Abundant Amorphous/Crystalline Interfaces of C/A-NixP/NiOH Heterojunction Catalyst for Efficient Urea Oxidation Reaction

Replacing the kinetically slow oxygen evolution reaction (OER) with urea electro-oxidation significantly reduces the energy requirement for electrolysis of water. However, designing and optimizing efficient electrocatalysts for the industrial application of urea oxidation coupled to hydrogen production remains a challenge. Herein, we construct a C/A-NixP/NiOH heterojunction catalyst with actually abundant amorphous/crystalline interfaces for the urea oxidation reaction (UOR) by an interfacial-sequential treatment method of electrodeposition and low-temperature gas-phase phosphatization on carbon cloth (CC). Remarkably, in UOR, the C/A-NixP/NiOH catalyst required only 1.332 V to reach a current density of 10 mA cm-2 with negligible potential decay over 12 h.
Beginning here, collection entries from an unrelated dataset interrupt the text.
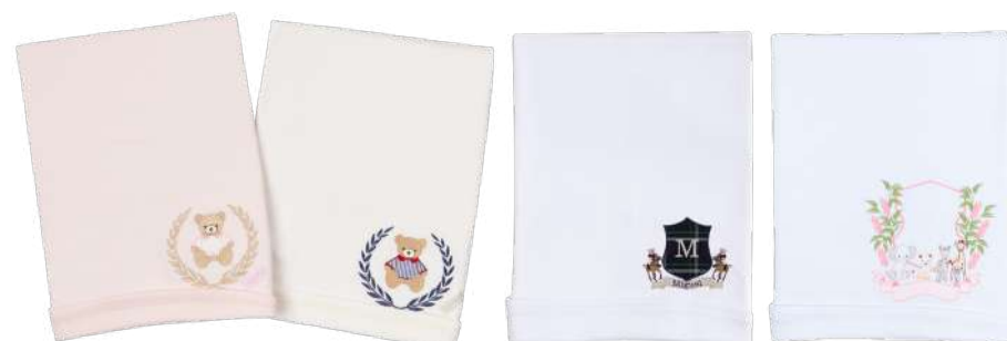
Manta de Suedine 26.016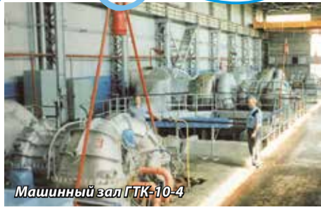
Машинный зал ГТК-10-4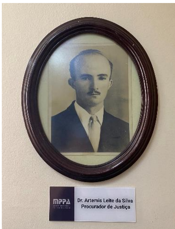
Figura 1 - Fundador da biblioteca Artemis Leite da Silva

A biblioteca foi fundada em 26 de novembro de 1984 pelo Procurador de Justiça Artemis Leite da Silva, renomado jurista (Figura 1), é especializada na área jurídica e um órgão auxiliar de apoio técnico e administrativo do Ministério Público do Estado do Pará - MPPA, situado na rua João Diogo, no bairro Cidade Velha, localizada no térreo do prédio sede do MPPA.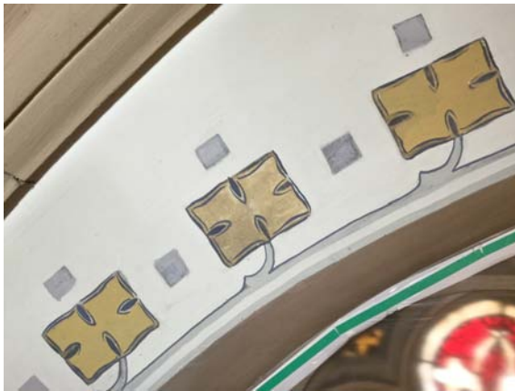
Abb. 17 Abschnitt der Wandfläche oberhalb des mittleren Fensters (Kreuzigung) im Nachzustand.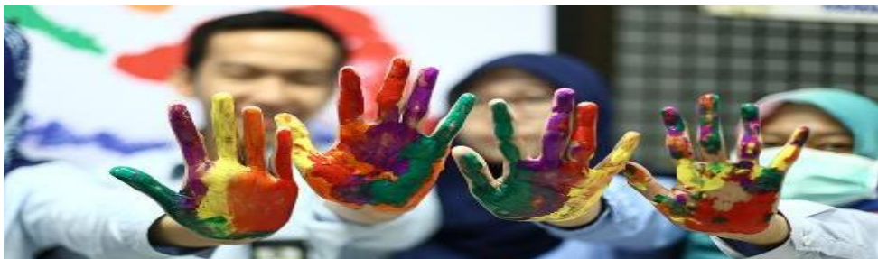
Gambar III.5: Beberapa pegawai pajak memperlihatkan tapak tangan yang telah diberi warna dalam kegiatan pembubuhan cap tapak tangan berwarna di spanduk " Pernyataan Komitmen Anti Gratifikasi No Korupsi "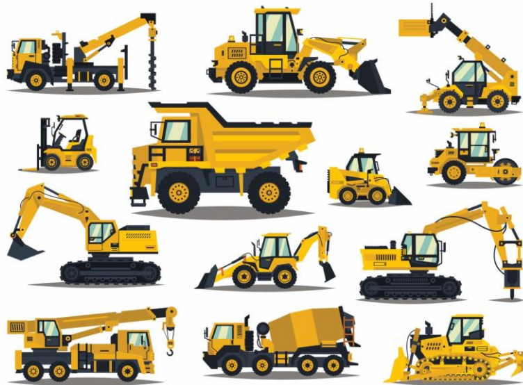
Menghitung kebutuhan alat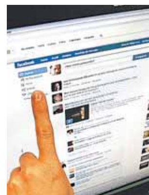
Hemos caído en las redes.

son las Islas Baleares, con un 90% de penetración, seguida de Cantabria (85,2%). En la Comunitat Valenciana, al igual que en el resto de autonomías, la red social favorita es Facebook, seguida de Tuenti (34%) y Twitter (18,5%).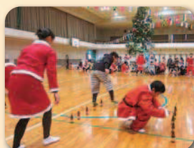
☆サンタと遊ぼう クリスマスパティー(肥前)

○お問い合わせ先○ 共同募金会唐津市支会 ☎(0955) - 70 - 2334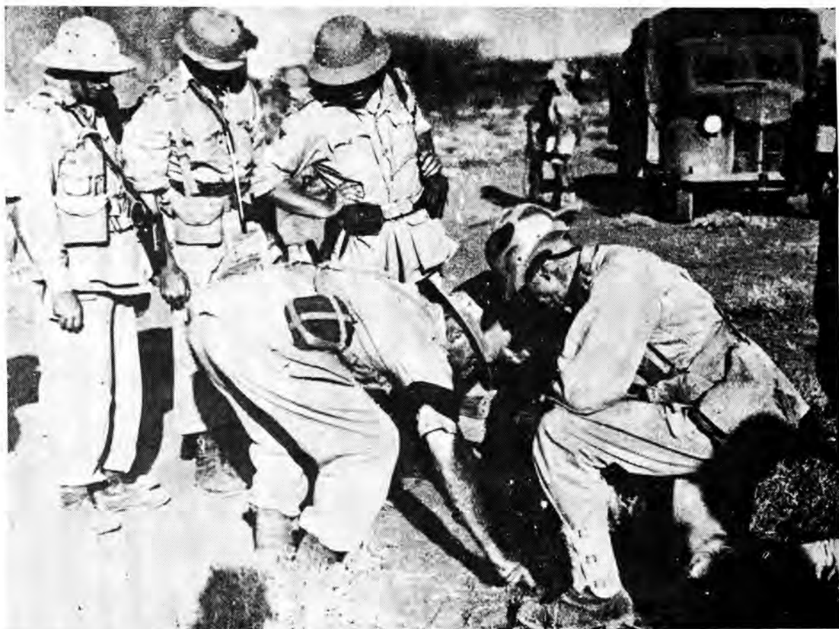
Een van die inligtingsoffisiere, 'n majoor, verbonde aan 5 SA Infanteriebrigadegroephoofkwartier, teken 'n sketsplan vir die beplande aanval op Hobok in die sand ter verduideliking aan die twee infanteriebataljonbevelvoerders. Die Springbokaanmars en -aanval is gekenmerk deur puik voorafbeplanning en leierskap

die 1 SA Irish, wat by El Gumu deur 2 SA Infanteriebrigadegroep, ná laasgenoemde se sukses by Gorai, afgelos is.

The excellent performance is attributed to the synergistic interaction between the inner amorphous NiOH layer and the outer crystalline NixP layer, as well as the abundant amorphous/crystalline interface, an interfacial structure that can expose more active sites as well as enhance the intrinsic activity, thus improving the reaction kinetics and stability of UOR. This work paves the way for the development of low-cost and high-efficiency catalysts for urea oxidation.